Required action: Below are the entries; give again exactly the lines from the one mentioning "Step out in" through the one mentioning "关于印发党委书记、党委副书记、党支部书记 工作职责的通知", inclusive.

-------- Source information --------

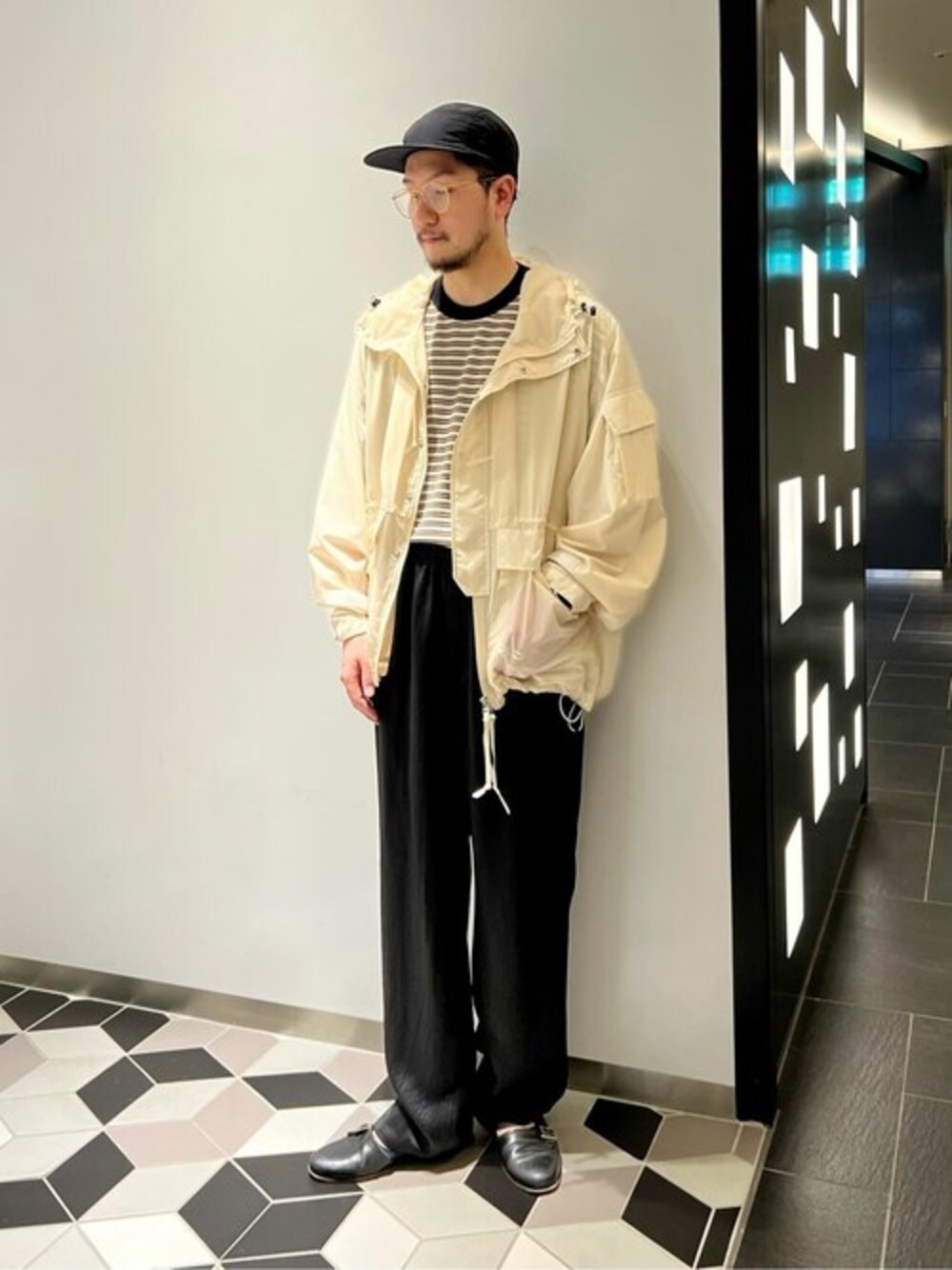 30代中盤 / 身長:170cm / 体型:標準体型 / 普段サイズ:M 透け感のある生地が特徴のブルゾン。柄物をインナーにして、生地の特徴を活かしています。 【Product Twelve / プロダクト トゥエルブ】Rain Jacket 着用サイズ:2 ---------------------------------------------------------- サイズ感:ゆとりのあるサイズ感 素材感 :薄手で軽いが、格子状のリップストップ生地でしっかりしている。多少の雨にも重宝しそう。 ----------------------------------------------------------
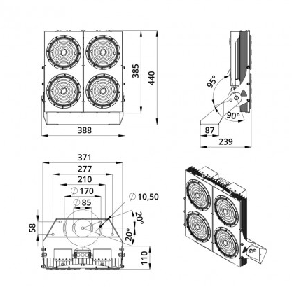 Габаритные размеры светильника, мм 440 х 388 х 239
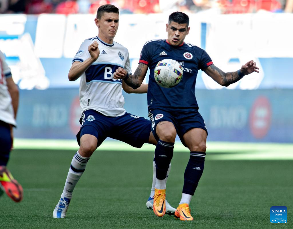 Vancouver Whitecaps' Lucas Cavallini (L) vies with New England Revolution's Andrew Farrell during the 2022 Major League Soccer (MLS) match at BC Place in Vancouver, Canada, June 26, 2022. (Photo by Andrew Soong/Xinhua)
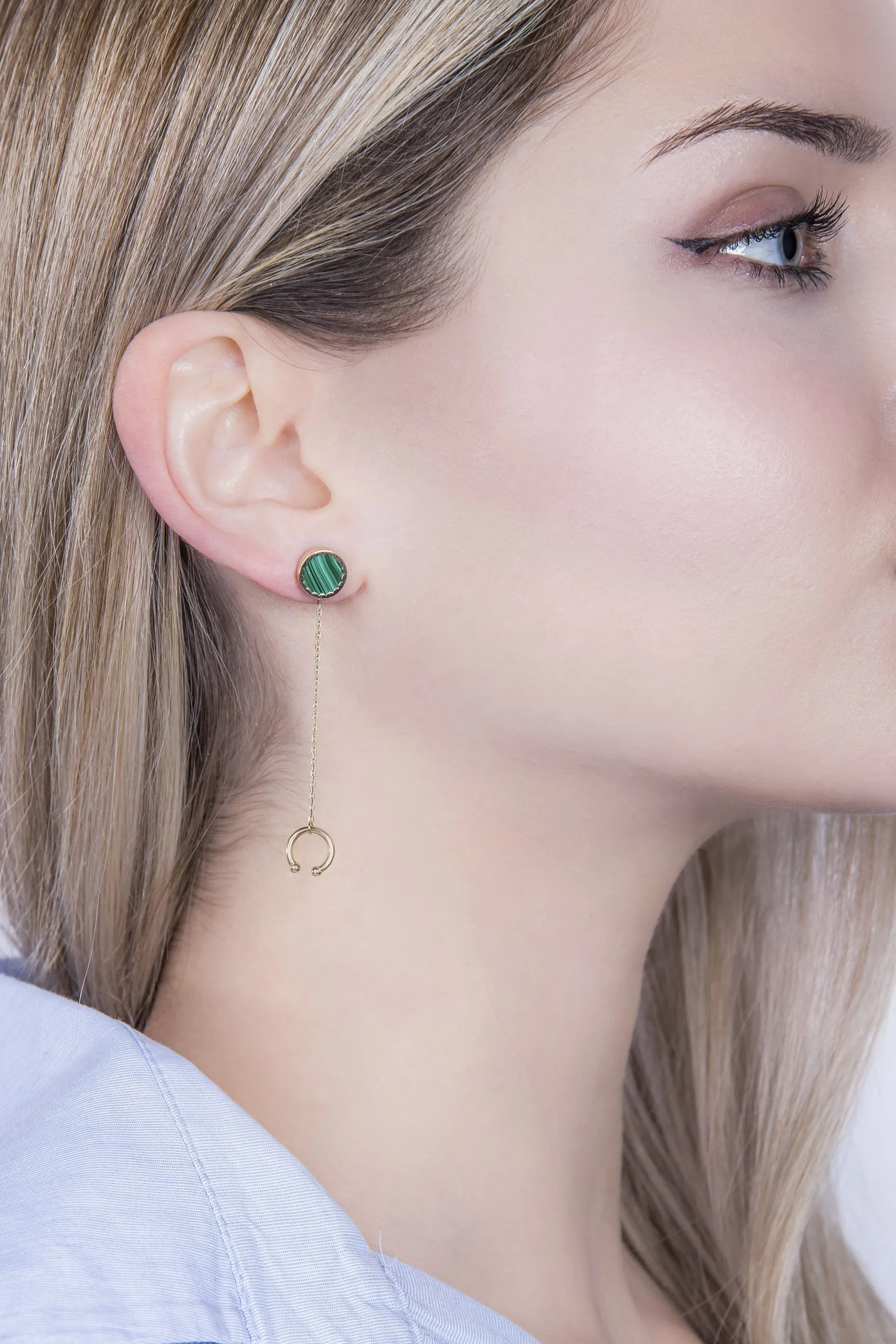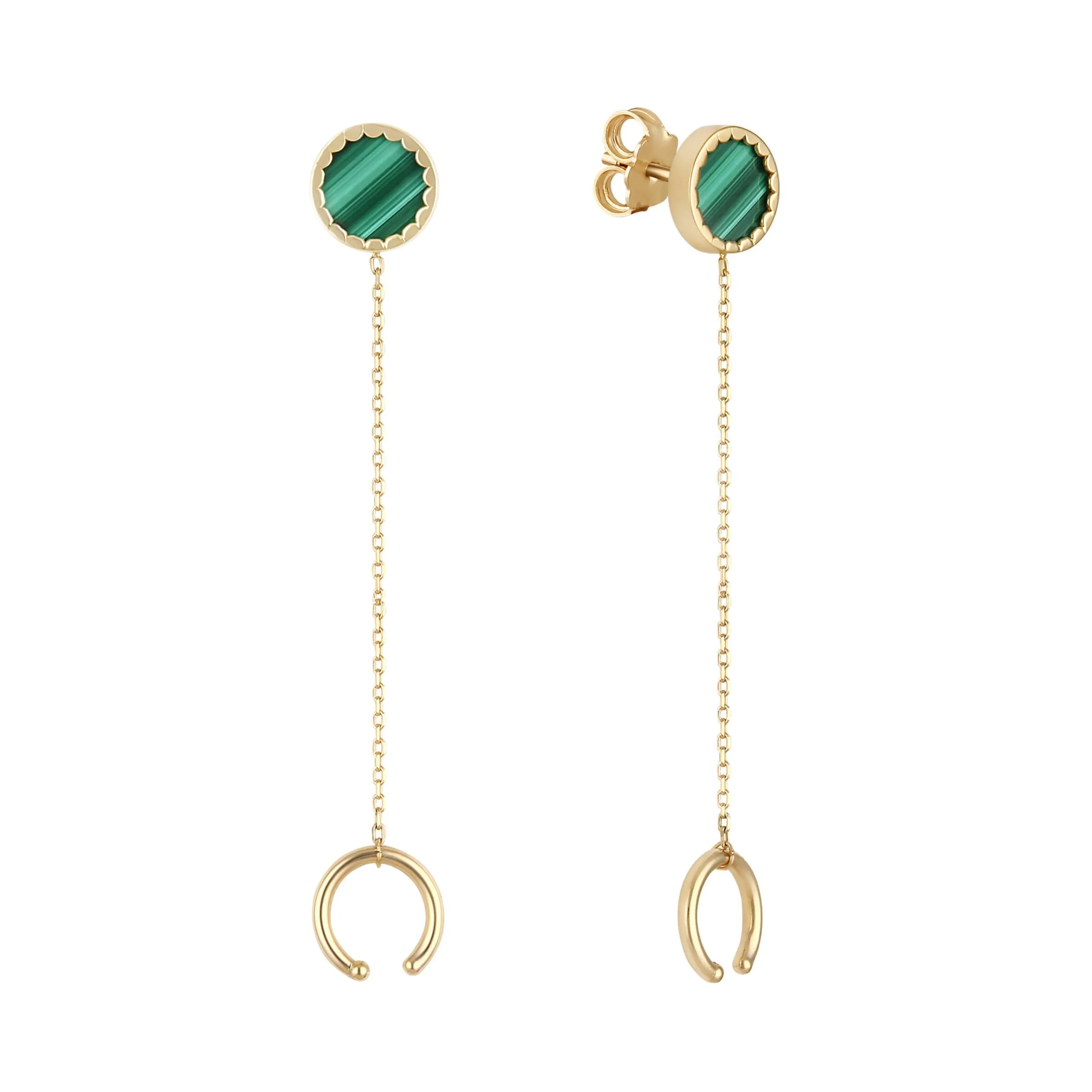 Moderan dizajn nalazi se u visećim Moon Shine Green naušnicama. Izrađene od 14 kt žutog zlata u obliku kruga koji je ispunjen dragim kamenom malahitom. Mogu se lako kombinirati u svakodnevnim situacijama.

--------
-------- Source information --------

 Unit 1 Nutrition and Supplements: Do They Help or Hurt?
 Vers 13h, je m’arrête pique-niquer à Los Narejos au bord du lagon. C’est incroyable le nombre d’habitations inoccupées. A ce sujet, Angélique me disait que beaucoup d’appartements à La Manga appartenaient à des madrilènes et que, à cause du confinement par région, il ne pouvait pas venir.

--------
-------- Source information --------

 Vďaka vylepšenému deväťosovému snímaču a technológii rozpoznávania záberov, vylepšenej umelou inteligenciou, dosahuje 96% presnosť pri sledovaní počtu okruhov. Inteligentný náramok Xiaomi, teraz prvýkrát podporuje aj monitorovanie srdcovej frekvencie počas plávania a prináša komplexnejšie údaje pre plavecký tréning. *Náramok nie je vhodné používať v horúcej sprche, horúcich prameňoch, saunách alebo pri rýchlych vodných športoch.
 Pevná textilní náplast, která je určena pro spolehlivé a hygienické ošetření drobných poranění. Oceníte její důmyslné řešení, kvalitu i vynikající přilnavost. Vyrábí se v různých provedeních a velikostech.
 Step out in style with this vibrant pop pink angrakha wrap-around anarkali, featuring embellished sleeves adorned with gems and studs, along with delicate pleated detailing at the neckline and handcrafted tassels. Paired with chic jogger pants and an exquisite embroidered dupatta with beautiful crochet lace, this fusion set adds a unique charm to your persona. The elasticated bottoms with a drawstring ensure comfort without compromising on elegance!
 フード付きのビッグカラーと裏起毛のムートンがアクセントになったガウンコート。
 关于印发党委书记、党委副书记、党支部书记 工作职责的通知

--------

Finished exercise:
 Step out in style with this vibrant pop pink angrakha wrap-around anarkali, featuring embellished sleeves adorned with gems and studs, along with delicate pleated detailing at the neckline and handcrafted tassels. Paired with chic jogger pants and an exquisite embroidered dupatta with beautiful crochet lace, this fusion set adds a unique charm to your persona. The elasticated bottoms with a drawstring ensure comfort without compromising on elegance!
 フード付きのビッグカラーと裏起毛のムートンがアクセントになったガウンコート。
 关于印发党委书记、党委副书记、党支部书记 工作职责的通知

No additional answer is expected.